Re: [RFC PATCH v3 2/3] drm/xe: Add RAS logging helpers

All of lore.kernel.org
 help / color / mirror / Atom feed

From: Michal Wajdeczko <michal.wajdeczko@intel.com>
To: Mallesh Koujalagi <mallesh.koujalagi@intel.com>,
	<intel-xe@lists.freedesktop.org>, <rodrigo.vivi@intel.com>,
	<matthew.brost@intel.com>, <thomas.hellstrom@linux.intel.com>
Cc: <anshuman.gupta@intel.com>, <badal.nilawar@intel.com>,
	<vinay.belgaumkar@intel.com>, <aravind.iddamsetty@intel.com>,
	<riana.tauro@intel.com>, <karthik.poosa@intel.com>,
	<sk.anirban@intel.com>, <raag.jadav@intel.com>
Subject: Re: [RFC PATCH v3 2/3] drm/xe: Add RAS logging helpers
Date: Sat, 20 Jun 2026 21:29:51 +0200	[thread overview]
Message-ID: <6a1dbfd1-9fce-4f02-85bd-7d6038f41ff8@intel.com> (raw)
In-Reply-To: <20260617104711.79646-7-mallesh.koujalagi@intel.com>



On 6/17/2026 12:47 PM, Mallesh Koujalagi wrote:
> Add xe_ras_log.c and xe_ras_log.h so the driver can report
> faults in a structured, machine-readable way.

hmm, but the dmesg logs are mostly for the human admins, no?

> 
> The core is __xe_ras_log(), which emits a single log line with:
> SIG_ID, severity, location (device or tile/GT), errno, and message.
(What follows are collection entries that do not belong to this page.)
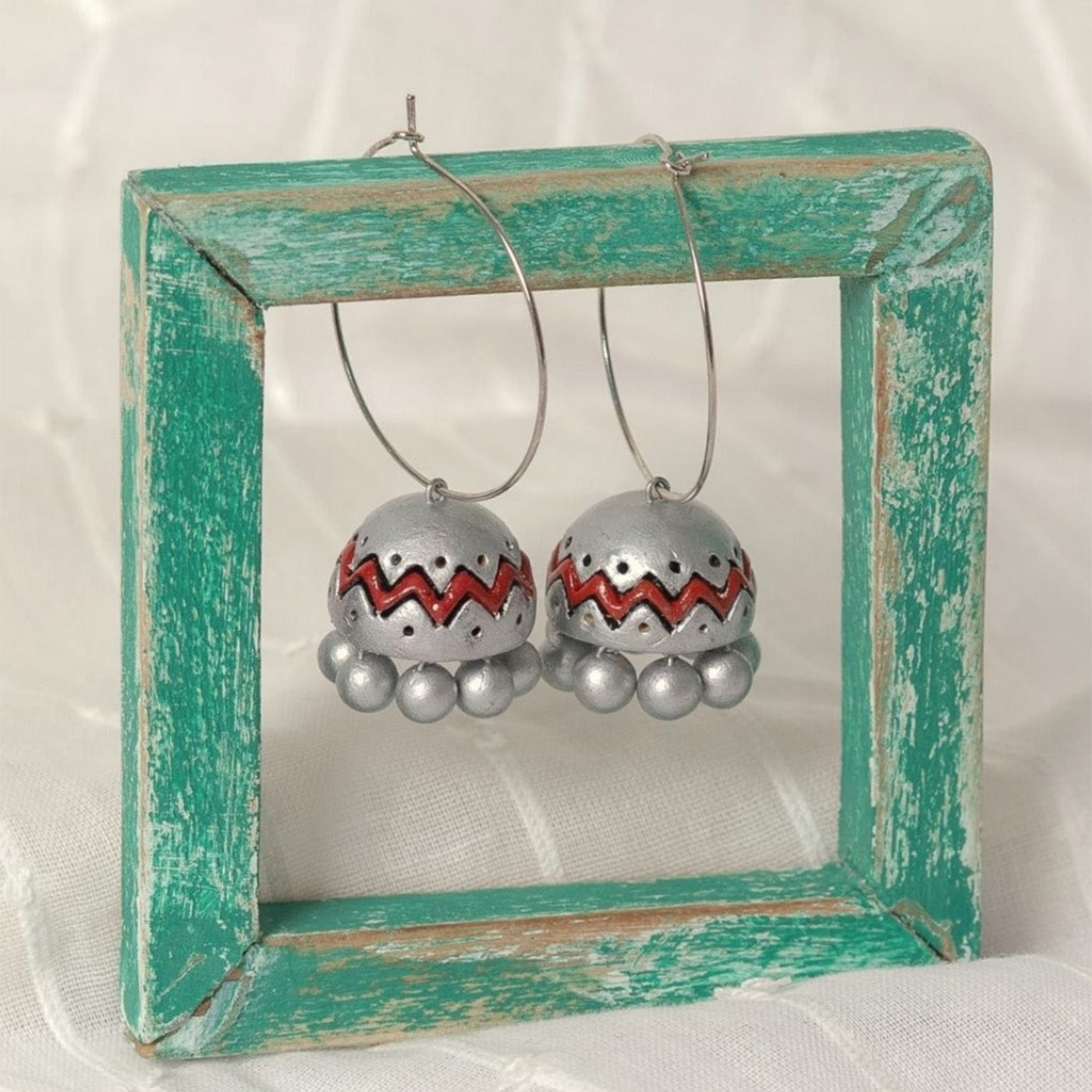 - A classic silver hoop is paired with a dome-shaped terracotta pendant for a refined fusion aesthetic.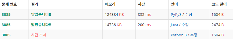 μμ κ°μ λ‘μ§μ λ€λ₯Έ μΈμ΄λ₯Ό μ¬μ©νλ€λ©΄ μκ° λ΄μ ν΅κ³Όν μ μμ§λ§, νμ΄μ¬μ ν΅κ³Όν μ μμΌλ©° PyPy3λ₯Ό μ¬μ©νμ¬μΌ νλ€.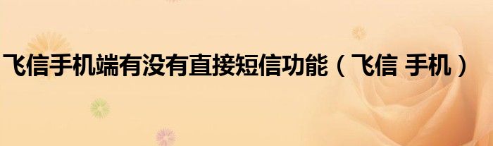 飞信手机端有没有直接短信功能(飞信 手机)

our dmesg logs are already to some extend structured as they contain:

	severity:	<3>
	driver name: 	xe
	device name:	0000:00:02.0
	subsystem name:	[drm]
	error tag:	*ERROR*
	location:	Tile0:
			Tile0: GT0:
	message:	GuC mmio request ...

> Fatal faults go to drm_err(); recoverable ones to drm_warn().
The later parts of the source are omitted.